Tipps und Tricks zum vollflächigen Verkleben von Parkett


Die Ausrichtung des Parketts stets prüfen
Die Ausrichtung der Parkettstäbe sollte während des Verlegeprozesses immer wieder mit einer Richtschnur bzw. Richtlatte überprüft und ggf. mit Gummihammer oder Schlagholz begradigt werden.

Trocknungs- und Aushärtungszeiten einhalten
Je nach verwendetem Kleber kommen unterschiedliche Wartezeiten für die endgültige Raumgestaltung zustande. Erst nach einer vom Hersteller festgelegten Zeit darf der Boden wieder betreten werden, da andernfalls leicht Schäden entstehen können.

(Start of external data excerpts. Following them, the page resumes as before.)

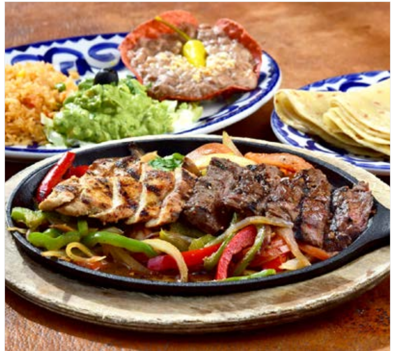
Famous fajitas

Although she added, "We find that everyone has their favorite items, and we are continually testing our food to make sure we're always offering the best, and that all our dishes are made with the freshest, in-season ingredients."
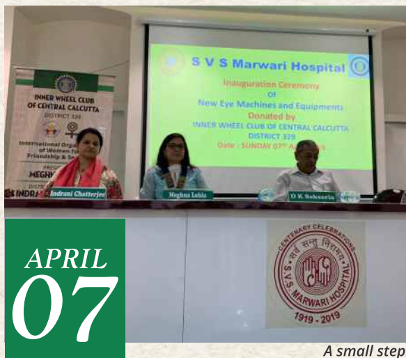
A small step..
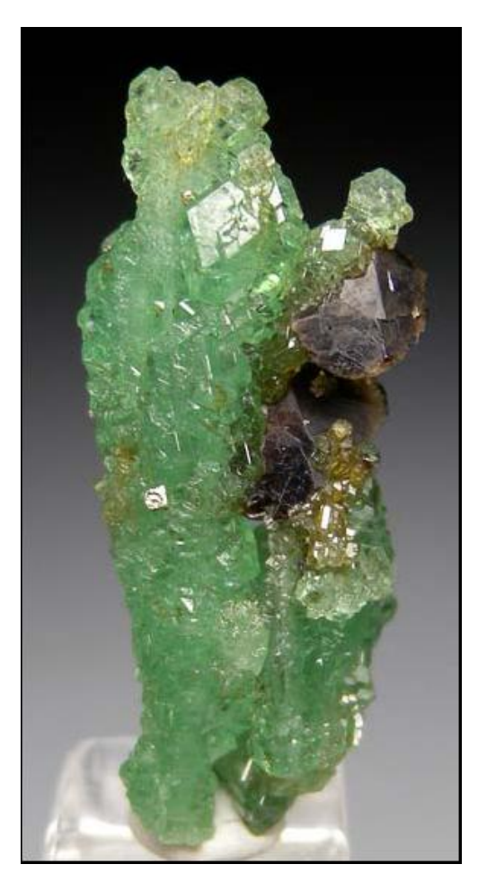
Grossular, variety tsavorite, 3 cm, from the Merelani Hills, Manyara, Tanzania.
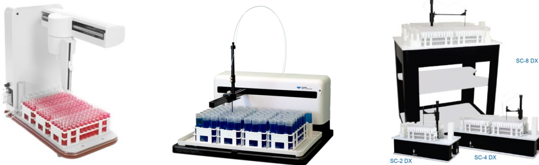
General purpose range of autosamplers from Analytik Jena, Cetac Technologies and Elemental Scientific

Autosampler enclosures are available for all models and are recommended for minimizing sample contamination. Purged systems are preferred as they create a positive pressure within the autosampler compartment, thereby eliminating dust particles from the local environment.
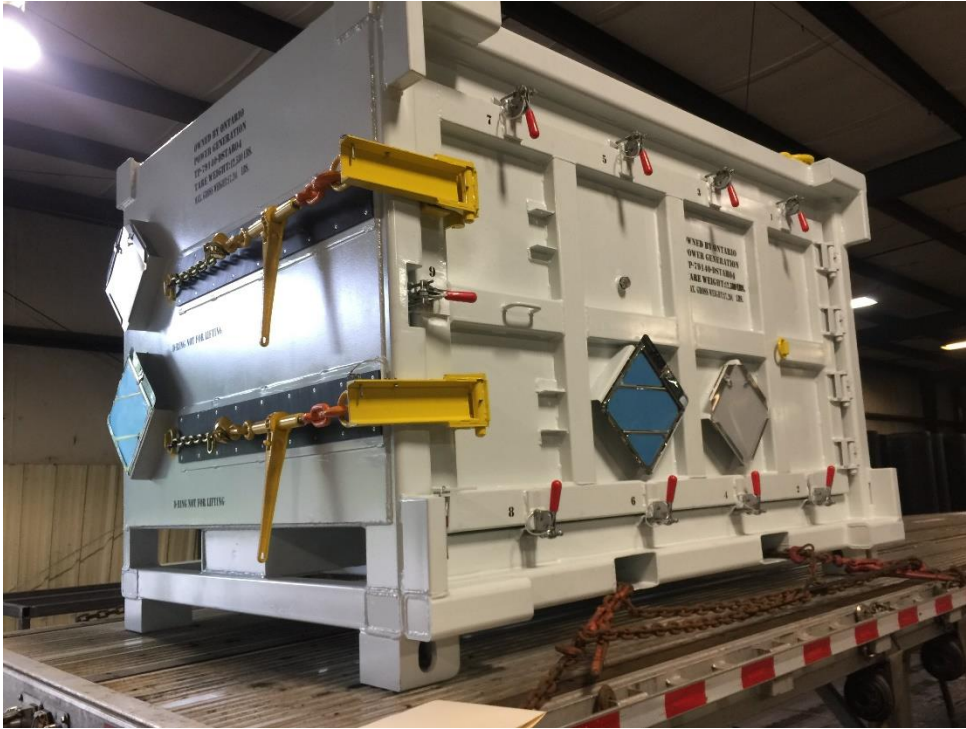
CTI MANUFACTURED PRODUCT OVERPACK WITH SHIELDING
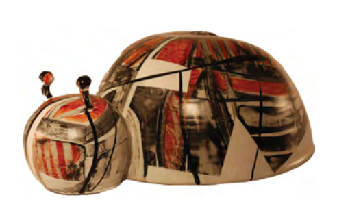
José Lazcarro Toquero, Catarina Lazcarroza , 2010, mixed media on clay, 20 x 47 x 35 cm. UDLAP's Art Collection.
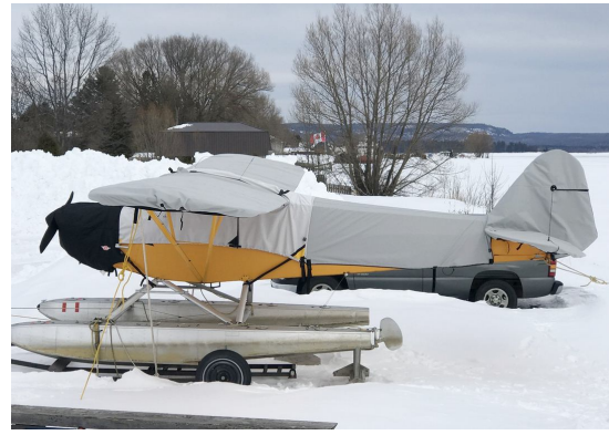
Piper J3 Cub Extended Canopy, Wings, Empennage & Insulated Engine Covers

Nicht vergessen: Parkett ist und bleibt ein natürlicher Holzfußboden…

Generell ist das Verkleben von Parkett auch für Heimwerker mit etwas Bauerfahrung denkbar, wenn sie sich genauestens über die Erfordernisse von Parkett und Kleber sowie Untergrund klar sind und keine zu komplizierten Verlege-Arten wählen.

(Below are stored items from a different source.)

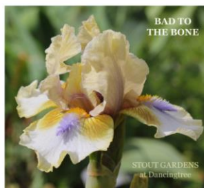
Bad to the Bone IB SA
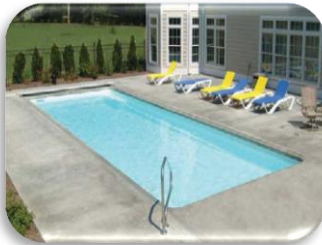
Olympic Bay – 16'x41'
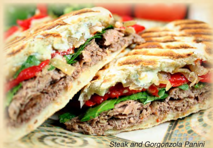
Steak and Gorgonzola Panini

thinly shaved ribeye steak, gorgonzola, caramelized onion, roasted red peppers and arugula
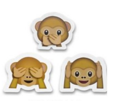
WE HAVE A WICKED PROBLEM TO RESOLVE!
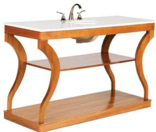
A compact yet fully functional wet bar with open storage area.
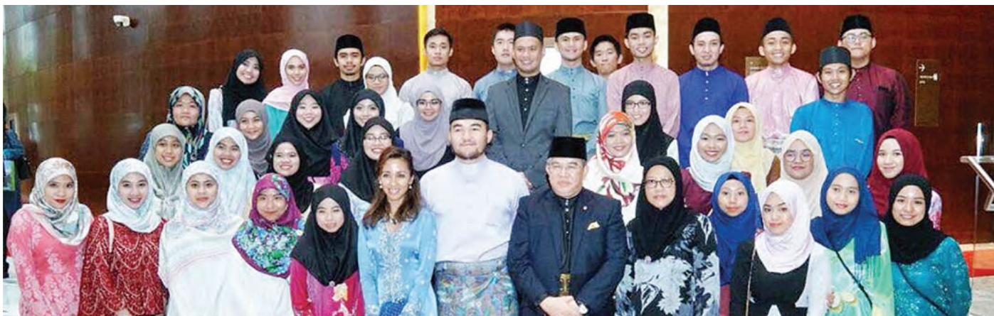
Raja Muda Selangor, Duli Yang Teramat Mulia Tengku Amir Shah ibni Sultan Sharafuddin Idris Shah and Yang Amat Mulia Tengku Datin Paduka Setia Zatashah binti Sultan Sharafuddin Idris Shah in a group photo with the High Commissioner, officers and staff of the High Commission of Brunei Darussalam, RBAF members and Brunei students in Malaysia.

KUALA LUMPUR, MALAYSIA , October 9 – The reception ceremony in conjunction with the Golden Jubilee Celebration of His Majesty the Sultan and Yang Di-Pertuan of Brunei Darussalam's Accession to the Throne was held at the Grand Hyatt Hotel, Kuala Lumpur on October 6, 2017.
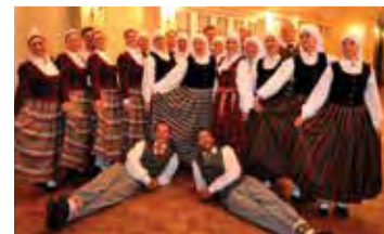
Yale Alumni Chorus learns traditional Latvian dancing
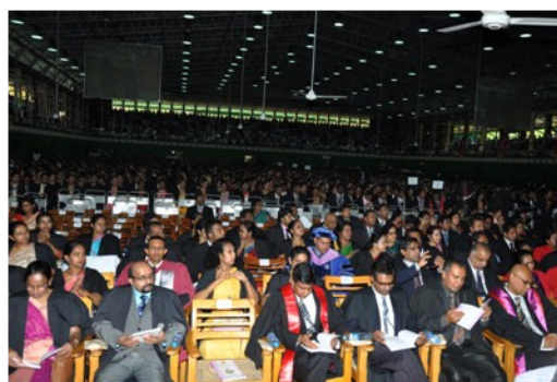
A section of the audience-degree recipients, academic staff & guests.
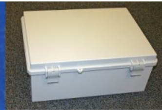
STYLE A WITH PLASTIC LATCHES
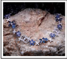
N2139: White Gold: 55.11gr Diamonds: 6.14ct Sapphires: 32.40ct
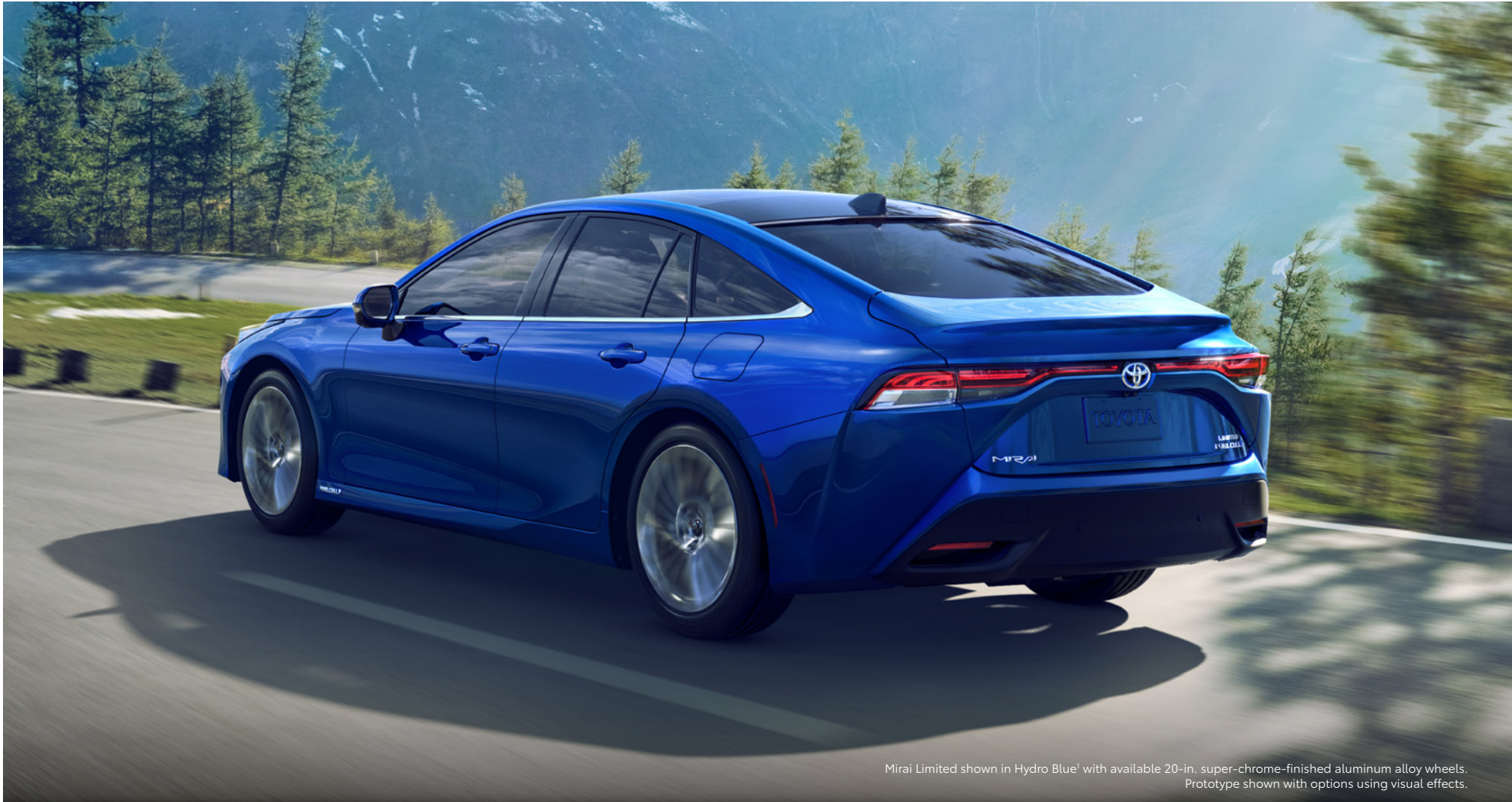
Mirai Limited shown in Hydro Blue 1 with available 20-in. super-chrome-finished aluminum alloy wheels. Prototype shown with options using visual effects.

Zero emissions and super efficient. Mirai's innovative Fuel Cell Stack creates power out of hydrogen and thin air — literally. Available in California.
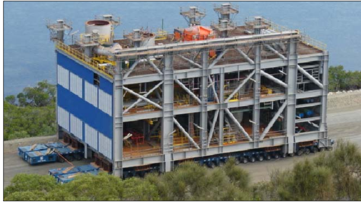
Client: Hatch - Technip Location: Koniambo - New Caledonia Weight: 3900 T
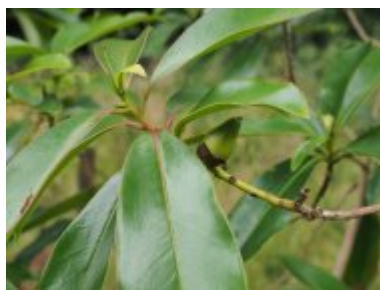
P. auxillaris var. tonkinense

Heimwerker, aber auch Bauherren sollten darüber aber nicht vergessen, dass sie von Parkettböden nicht erwarten dürfen, dass er glatt wie ein elastischer Design-Belag daherkommen. Gewisse Unebenheiten (festgelegt in DIN EN 18202) sowie kleinere Hohllagen gehören zu den akzeptablen Mängeln, bzw. schlichtweg auch zu den Eigenschaften eines natürlichen Holzbodens. Hierbei sollten also keine zu hohen und unrealistischen Maßstäbe angesetzt werden, die später für Enttäuschung sorgen.